### [Information supplied]
-- Opening Marker --
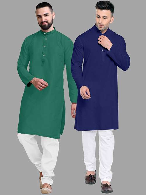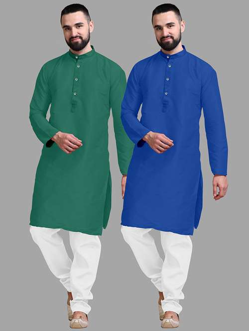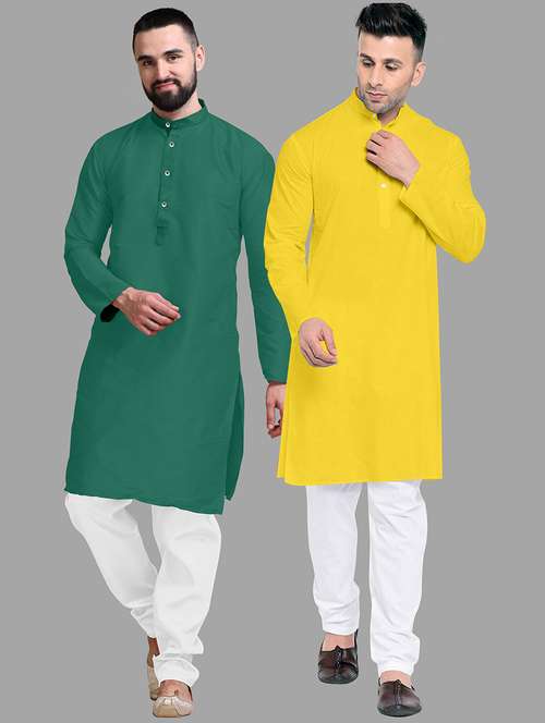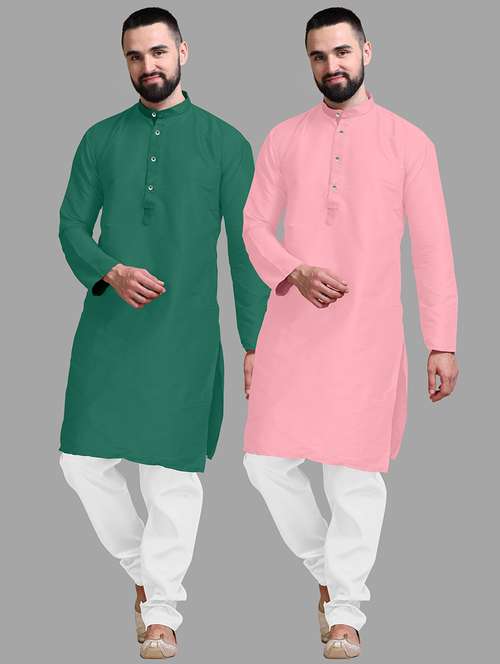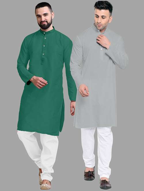 - » men pack of 2 solid mandarin neck kurta pyjama set
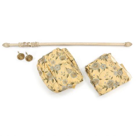 A pair of sillk curtains, rail and a pair of brass brackets. Of recent date. 138 x 313 cm. (5).
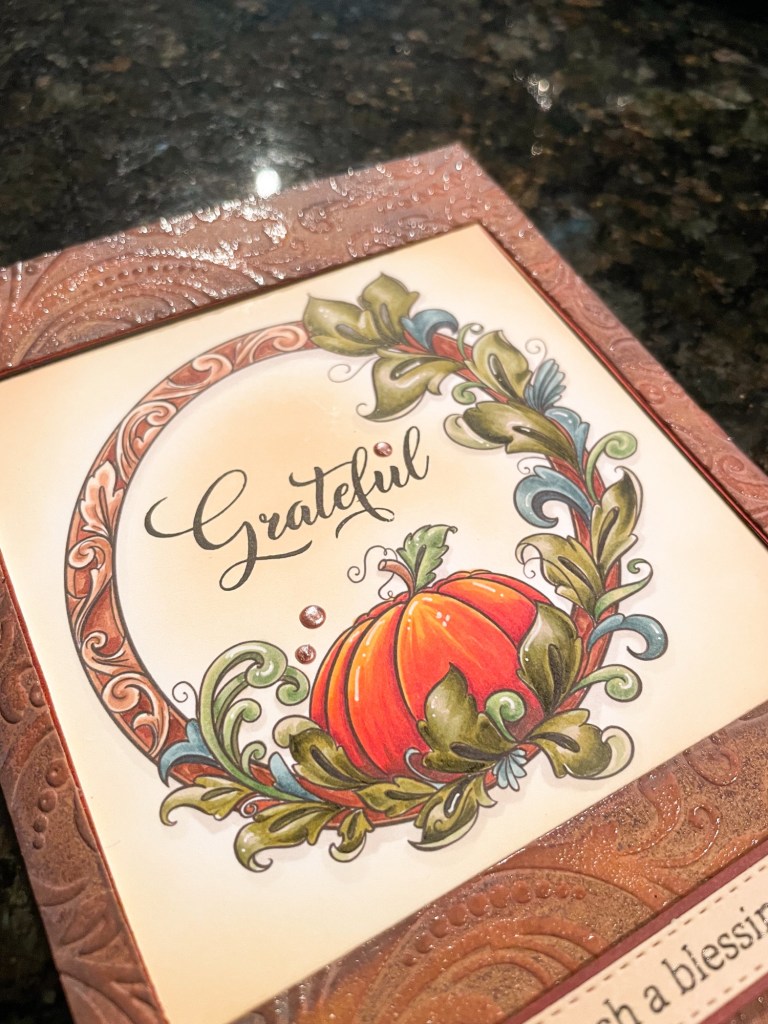 I started by coloring the autumn wreath with Copic markers, using muted fall colors. When choosing your colors remember that red and oranges are visually brought to the front so they will always look even brighter. You can download the Autumn Elegance Wreath here. Don’t trim the panel at this point we will do that at a later step..
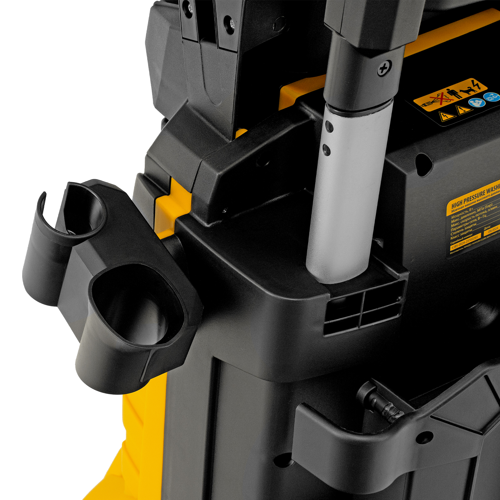- Удобное хранение — мойка оснащена держателем пистолета и кронштейном под кабель.
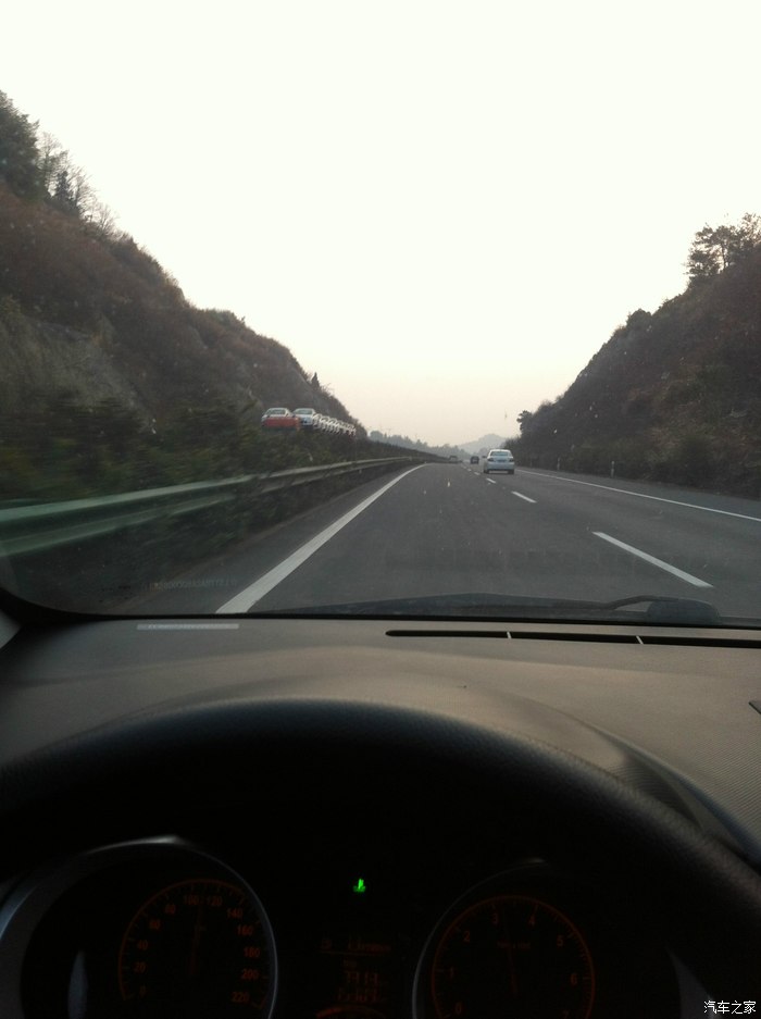 在去程的路上(滆湖西特大桥),就碰到了一起追尾车祸,由于跟车太近,加之刚开始踩刹车的力度不够,后来变成紧急刹车,如果我右边的大巴不让道给我前面的红车,前面的红车不紧急変道直接追尾前车,那我也遭殃了,这起事故将演变成一起多车连续追尾事故。我停下来后离前车仅有1米开外的样子,刚停下来又听到后面砰的一声,抬头看了下后视镜,后面又有一辆追上了,说真的我运气真好,两起车祸把我夹在中间,我居然没事,当时我有一种心跳加速的感觉,本想下车看看的,可我不敢,担心后面会再来一辆刹不住的大货......看了下右边没车,立即松离合走人,从那以后的几千公里中,每次急刹必打双闪,可以保护自己不被后车追尾!
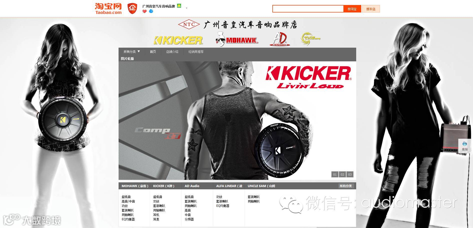 广州市音皇汽车音响有限公司在淘宝网开了一家网店,上架的品牌有MOHAWK(豪客)、KICKER(K牌)、AD Audio、Alfa Linear(凌力)。也是所代理品牌唯一的淘宝店,并没有授权任何经销商开设分销网店,及在网上售卖相关商品,特此说明。
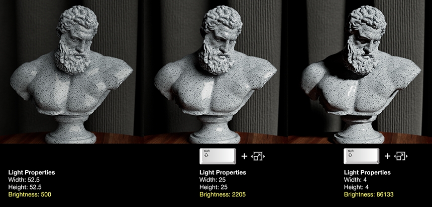 By holding Shift, the software handles the technical compensation automatically. As you scale your light larger to soften shadows, the brightness decreases proportionally to maintain the same total energy output. Scale it smaller for harder shadows, and the intensity increases accordingly.
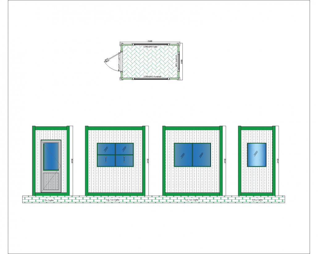 Bu panel kabin, geniş cam detayları ve dayanıklı yapısıyla modern ve kullanışlı bir yapı çözümü sunmaktadır. 2100 mm x 2100 mm taban ölçülerine ve 2540 mm yüksekliğe sahip olan bu kabin, özellikle şantiye, güvenlik noktaları ve geçici ofis alanları için idealdir. İç mekan, geniş pencereler sayesinde doğal ışıkla aydınlatılır ve ferah bir ortam sağlar.
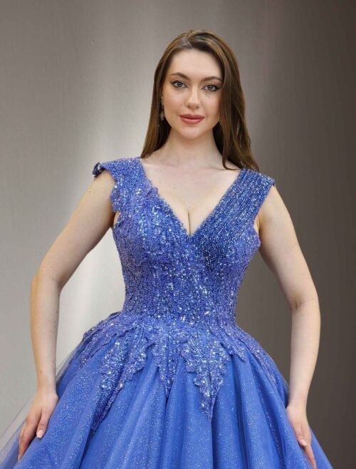 Royal Blue Sparkly Ball Gown with Deep V-Neck
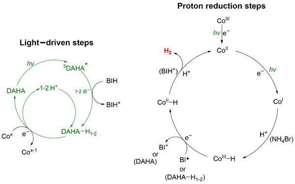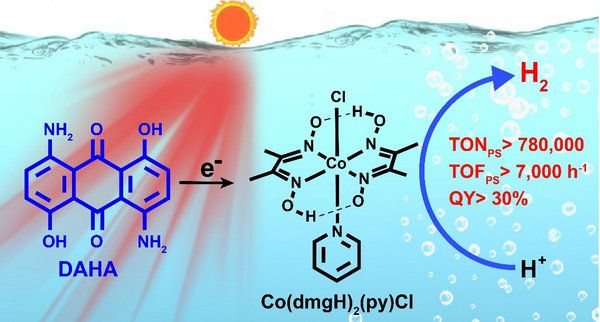 近日,中山大學化學學院韓治際教授課題組報道了一種蒽醌有機染料用于紅光下催化產氫體系(圖1)。在該體系利用低成本的蒽醌染料作為光敏劑,非貴金屬鈷配合物為催化劑,在紅光條件下,穩定性高達168小時(主要受限于溶液中的電子供體完全消耗),其催化轉化次數可達78萬,轉化頻率超過7000次每小時,量子效率超過30%,是目前已報道最好的紅光人工光合產氫體系(圖2)。通過機理研究表明,光敏劑(DAHA)獨特的激發態、穩定的氧化還原性質及超快的光生電子和電子轉移速率是體系獲得高效率和穩定性的關鍵。產氫的原理是:染料吸收太陽能后,其三重激發態被還原和質子化,形成的物種有效地還原鈷催化劑,逐步形成CoI、CoIII-H、CoII-H 等中間體,最后與質子反應產生氫氣(圖3)。該項工作為開發利用全太陽光譜進行各類光催化反應提供了一條新思路。
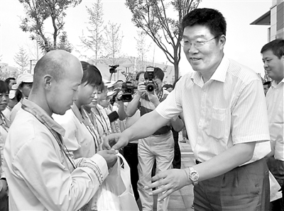 图为8月2日,省总常务副主席顾东武带队到世园会场馆慰问环卫工人。本报记者 毛浓曦 摄
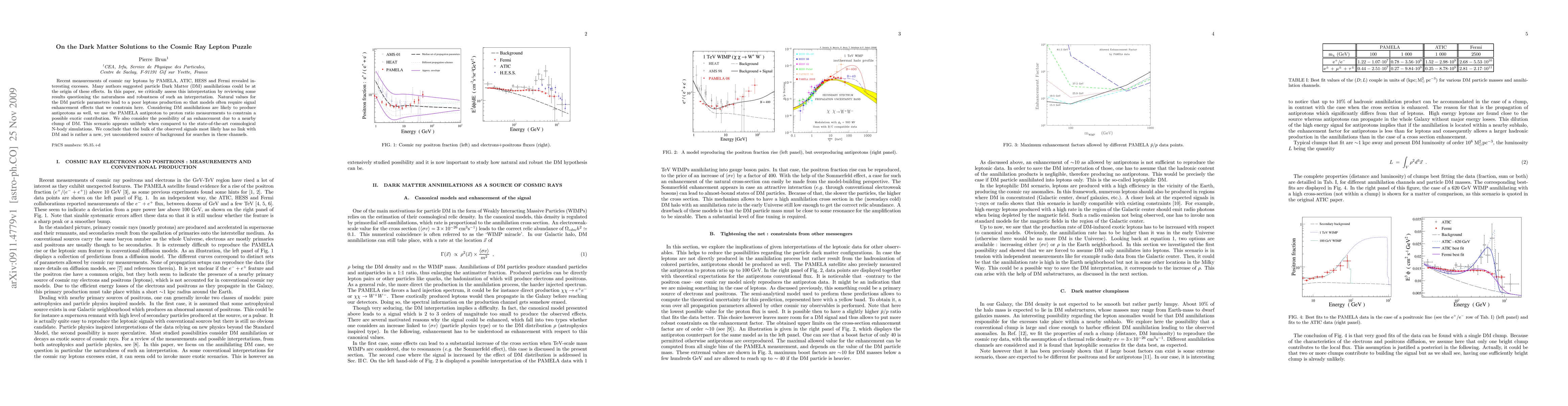 Recent measurements of cosmic ray leptons by PAMELA, ATIC, HESS and Fermi revealed interesting excesses. Many authors suggested particle Dark Matter (DM) annihilations could be at the origin of these effects. In this paper, we critically assess this interpretation by reviewing some results questioning the naturalness and robustness of such an interpretation. Natural values for the DM particle parameters lead to a poor leptons production so that models often require signal enhancement effects that we constrain here. Considering DM annihilations are likely to produce antiprotons as well, we use the PAMELA antiproton to proton ratio measurements to constrain a possible exotic contribution. We also consider the possibility of an enhancement due to a nearby clump of DM. This scenario appears unlikely when compared to the state-of-the-art cosmological N-body simulations. We conclude that the bulk of the observed signals most likely has no link with DM and is rather a new, yet unconsidered source of background for searches in these channels.
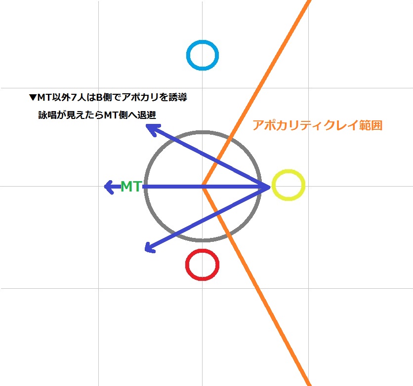 アポカリティクレイ発動中にMTはP3開始時の位置(C側)に戻り、他7人はAを経由しながらBに戻る。(12時側を経由すると戻りが遅い場合2周目の火炎放射に当たる恐れがある)
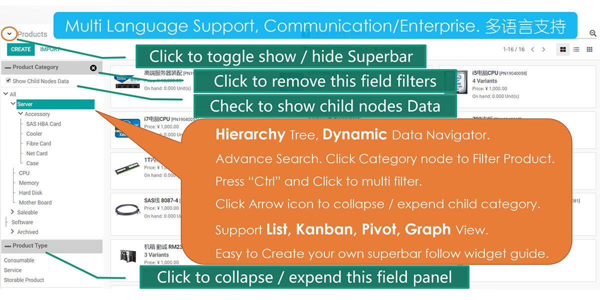 • Easy to show parent children tree for tree, kanban, pivot, graph view.(Note that there would be little different in UI between odoo12,11,10)
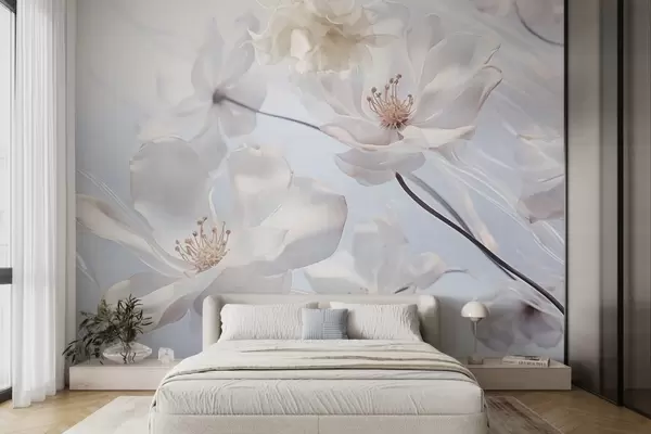 Fototapetes Balti tekstūras caurspīdīgi ziedi ar maigiem ziedlapiņām, maigs gaiši zils fons, elegants, romantisks, sapņains Nr. w09233
-- Closing Marker --
### [Exercise brief]
Word for word, output the lines from the beginning of the listing through the line holding "A pair of sillk" and nothing beyond them. Omit the pictures.

### [Exercise response]
 - » men pack of 2 solid mandarin neck kurta pyjama set
 A pair of sillk curtains, rail and a pair of brass brackets. Of recent date. 138 x 313 cm. (5).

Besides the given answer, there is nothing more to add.